* **What to work on**
Omit pictures and quote the listing below line by line, from its start through the line that holds "Sağlık-Sen tarafından yapılan".

* **Dataset content**

▼

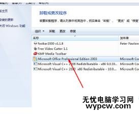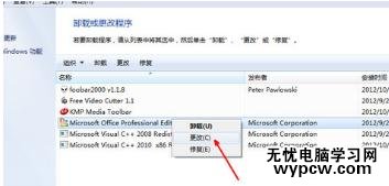 2.在要卸載或者更改的程序列表中,找到office軟件,如圖所示,如果你的軟件遭到了非常嚴重的破壞,連卸載更改程序都沒有的話,你就得需要用一些專業的卸載軟件來處理了。
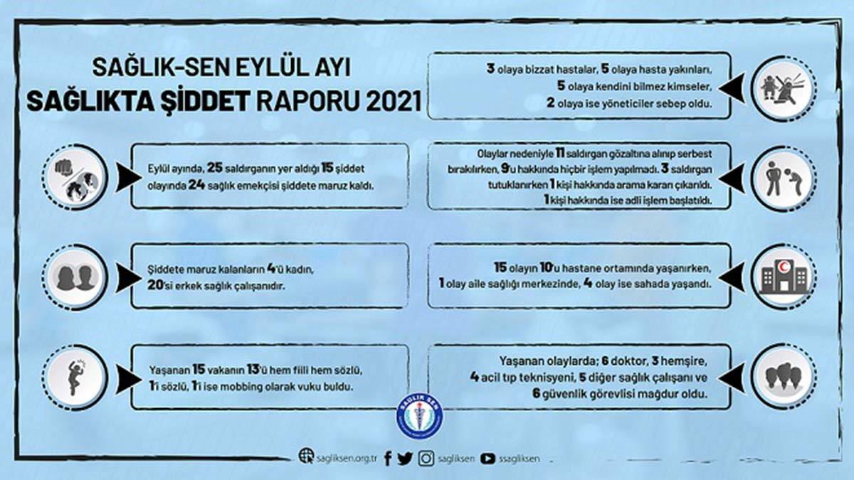 Sağlık-Sen tarafından yapılan yazılı açıklamada, Türkiye’de okulların açılmasıyla birlikte koronavirüs vaka sayılarının artışa geçtiği eylül ayında sağlık çalışanlarının iş yükünün de arttığı belirtildi. Eylül ayında sağlık çalışanlarının 15 şiddet vakası yaşadığı, bu vakalarda rol alan 25 saldırganın, 24 sağlık çalışanının mağdur olmasına neden olduğu kaydedildi.
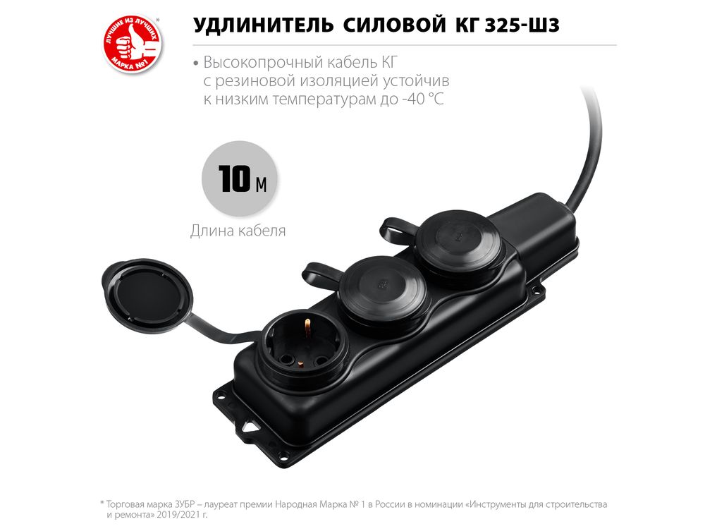 Силовой удлинитель ЗУБР КГ 3х2.5 10м 3гн. 4000Вт IP44, КГ 325-Ш3, Профессионал-684

▲

* **Finished exercise**
 2.在要卸載或者更改的程序列表中,找到office軟件,如圖所示,如果你的軟件遭到了非常嚴重的破壞,連卸載更改程序都沒有的話,你就得需要用一些專業的卸載軟件來處理了。
 Sağlık-Sen tarafından yapılan yazılı açıklamada, Türkiye’de okulların açılmasıyla birlikte koronavirüs vaka sayılarının artışa geçtiği eylül ayında sağlık çalışanlarının iş yükünün de arttığı belirtildi. Eylül ayında sağlık çalışanlarının 15 şiddet vakası yaşadığı, bu vakalarda rol alan 25 saldırganın, 24 sağlık çalışanının mağdur olmasına neden olduğu kaydedildi.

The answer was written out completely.